Uno se maravilla al observar cómo al calor de unos sentimientos generales de paz, de defensa del débil y de reprobación del fuerte (David y Goliat) y a base de puro candor y simplicidad, hemos llegado a esto. Uno se sorprende de ver cómo el Gobierno no ha sabido, por el contrario, acoger, potenciar y encauzar los sentimientos de seguridad, de prevención del terror, de protección de las víctimas y de repudio de las dictaduras y de los tiranos, que podrían ser igualmente compartidos por la muchedumbre. Mas debe señalarse que no es tarea fácil el armar un discurso democrático coherente y ordenar una acción política inteligente cuando la estrategia de la indignación y del todos contra uno, sin duda, ha funcionado.

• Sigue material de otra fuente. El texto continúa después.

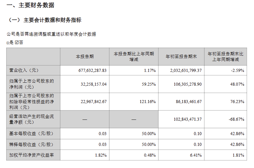 图片来源:贝因美官方三季度财报
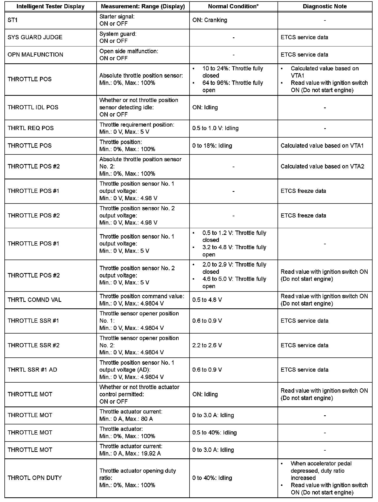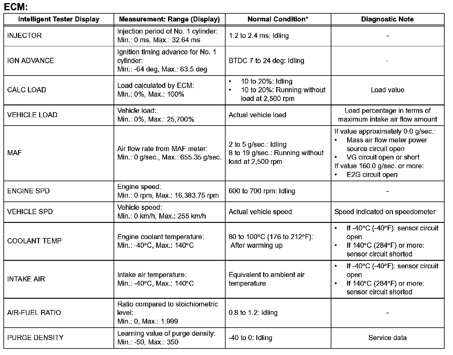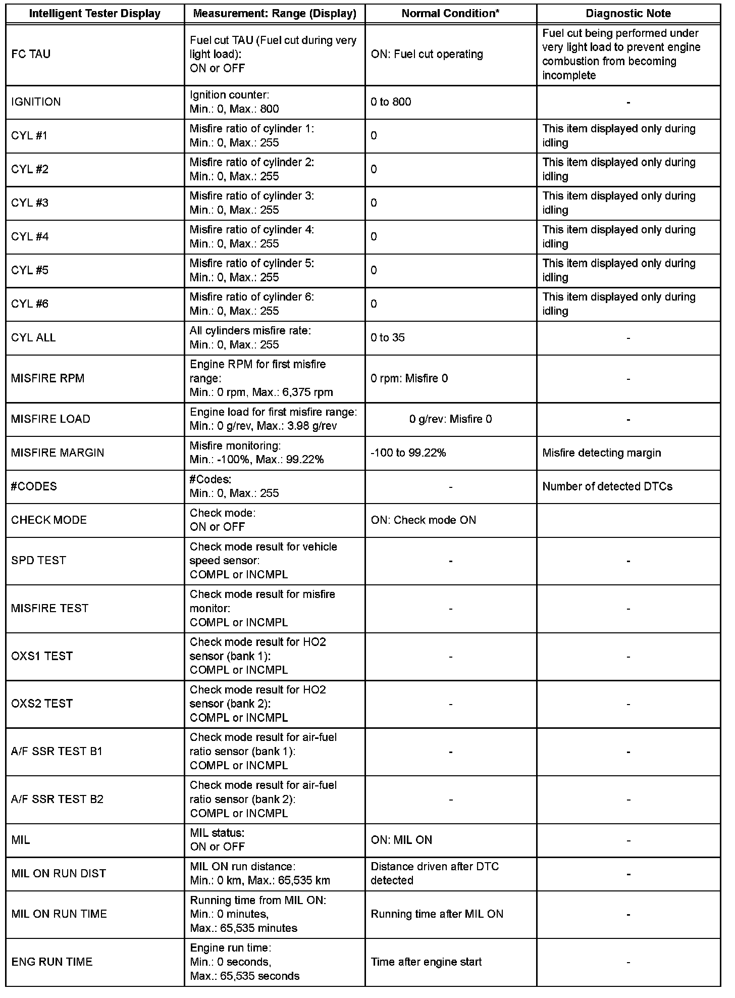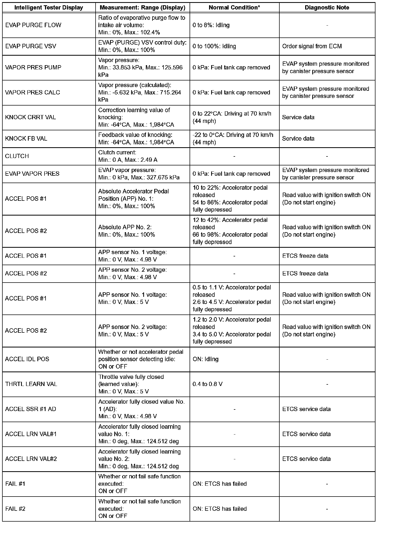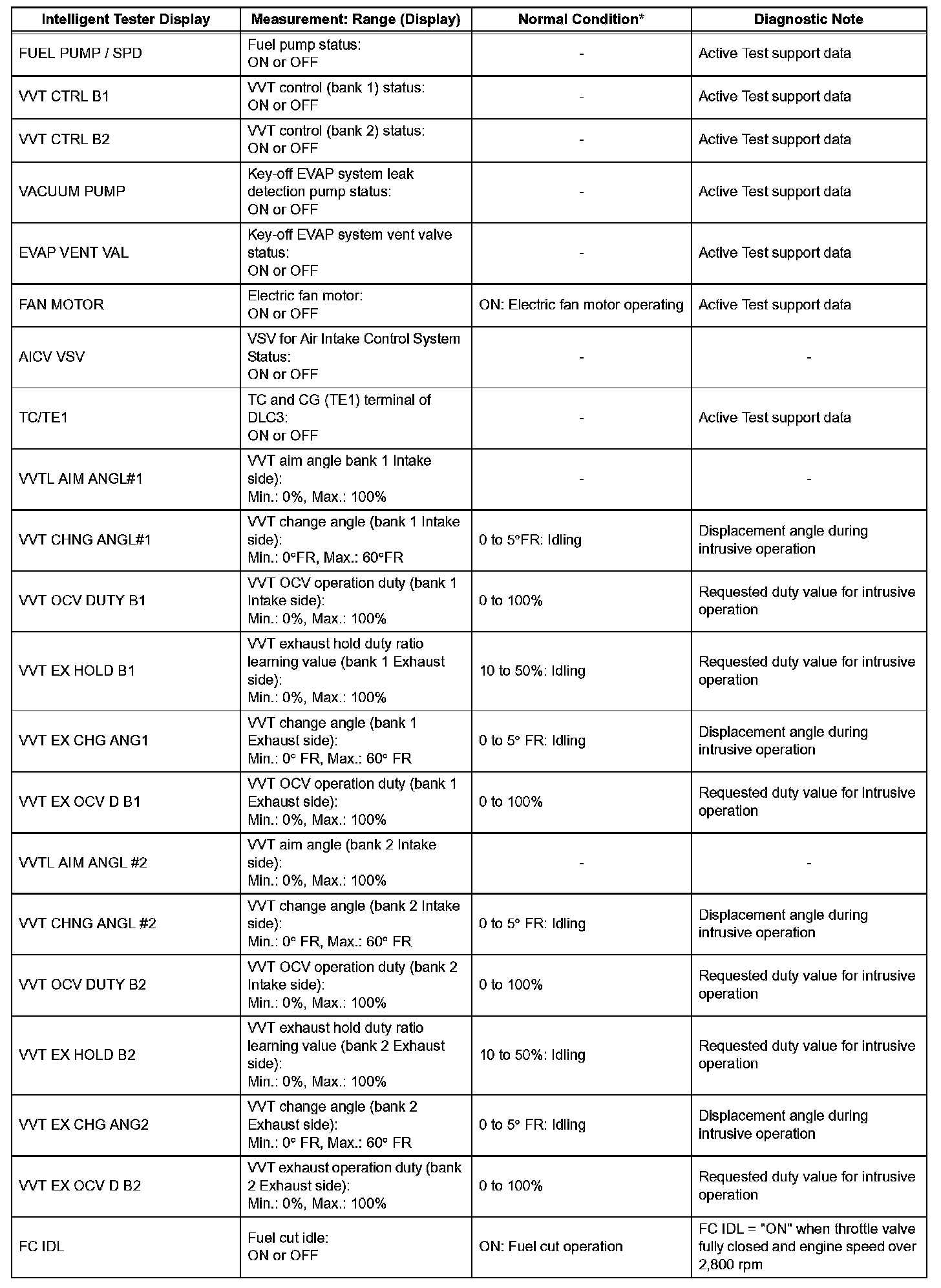 DATA LISTHINT: By reading the DATA LIST displayed on the intelligent tester, values can be checked, including those of the switches, sensors, and actuators, without removing any parts. Reading the DATA LIST as the first step of troubleshooting is one method of shortening diagnostic time.

Hay que desvelar quién está sacando ganancias en ese escenario y, con ese fin, destapa la indignación en su reclamación o hace gala de la mayor desvergüenza en su exigencia: ésos suelen ser los que sacan partido y beneficio, sea en transacciones comunes, sea en perspectivas electorales próximas, en desafíos autonómicos y aun secesionistas al Estado, en el horizonte de negocios mediáticos en marcha, o sea simplemente por afán de incordiar (tal y como proclamó con insuperable arte poético el Nobel Saramago, al reconocer ante miles de manifestantes que allí no se acudía para conseguir nada —parar la guerra—, sino que iban de moscardones atacando las partes bajas del Gobierno. Fuertes aplausos).

Se ha sacado tanto provecho de la comedia de la indignación y de la desvergüenza que sus promotores y actores no van a ceder por propia iniciativa y convicción, o por arrepentimiento. Acaso la única manera de parar esta Gran Manifestación, la Gran Manipulación, que recorre España y amenaza con desequilibrarla sea que el público —el cual, conscientemente o no, ha ayudado a formarla— facilite ahora su disolución, disolviéndose pacíficamente, mientras exclama con la misma firmeza de antes: “No en mi nombre”.

Fernando R. Genovés es filósofo y ensayista. Su último libro publicado lleva por título Saber del ámbito. Sobre dominios y esferas en el orbe de la filosofía, Ed. Síntesis, 2001.